Coumans: “We see that the virus is still entering the stables even though the farmers have taken all the measures. This worries the sector. Very strict hygiene rules are already in place. Visitors are not welcome either. The virus is literally blown into the stables. Perhaps by bird feathers or a substance Nest, we can’t put our finger on it,” says Cumans.
Impact on the sector
He fears extending the mandatory confinement to 16 weeks, which will last until mid-February. The negative consequences for this sector are twofold. First, the animals suffer because they get little light and fresh air in a diverse environment. (Even) staying in confinement for a longer period can be stressful.
Secondly, eggs are produced much less. Free range eggs are reduced to free range eggs after 16 weeks in the pen. “The financial impact is huge,” Commans says. “We’re really concerned about that.”
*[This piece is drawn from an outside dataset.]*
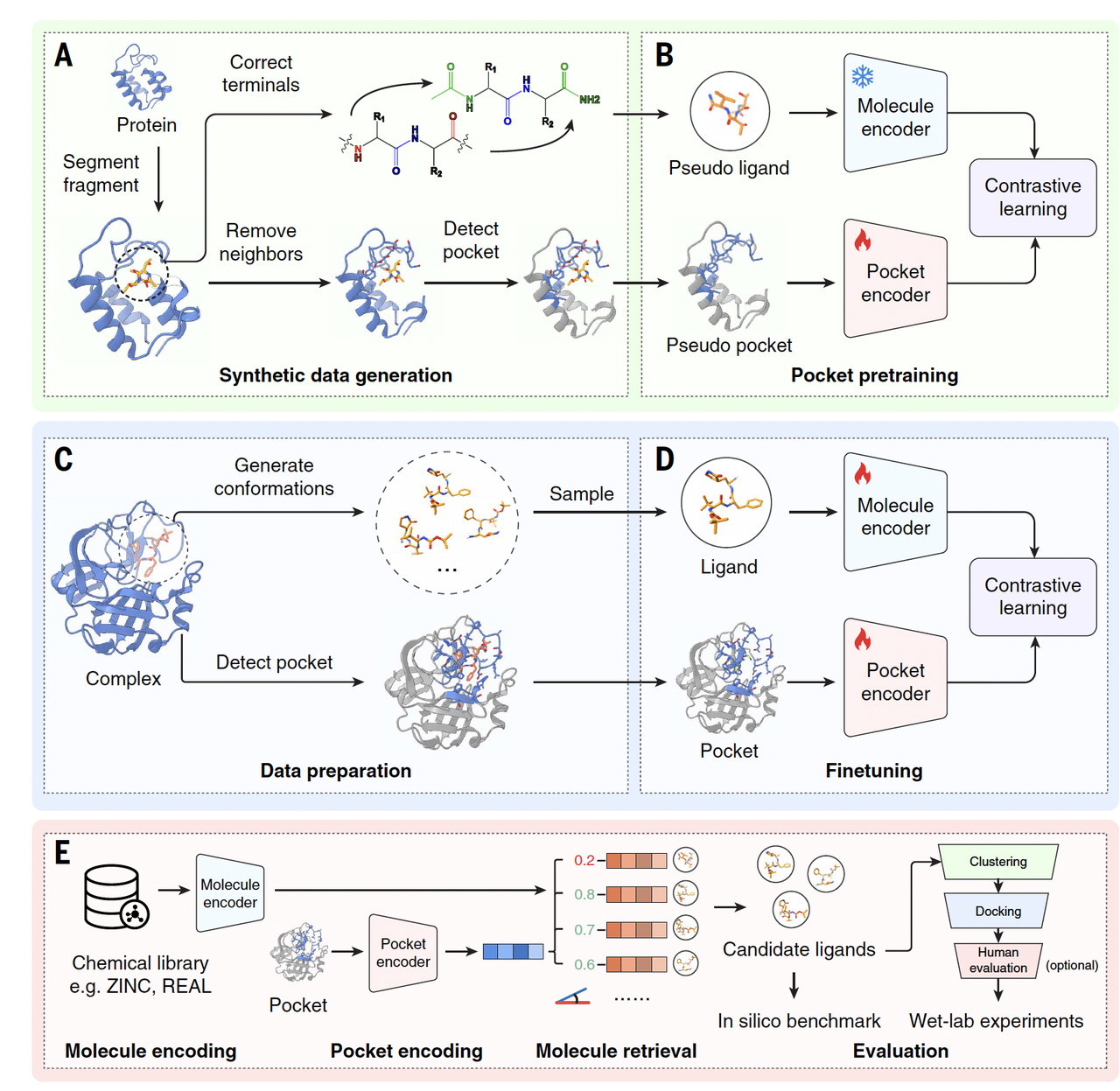 他们的核心做法,是引入对比学习(contrastive learning),来学习蛋白口袋和小分子之间的匹配关系。

But what if strict measures don’t work and outbreaks persist? “I think vaccination is the answer. We as a sector have been advocating this for years. A vaccine should be developed and it should not cause trade restrictions. Now countries, including the Netherlands, absolutely do not want poultry products vaccinated against bird flu. To change this requires a will political”.
Some vaccines are available abroad against avian influenza viruses, but none have been developed against the current virus that is now causing an outbreak in the Netherlands. “If a vaccine is used that only partially protects poultry from bird flu infection, it can mask the infection. The virus can then spread unnoticed, making it more difficult to fight the virus,” he writes. Wageningen University.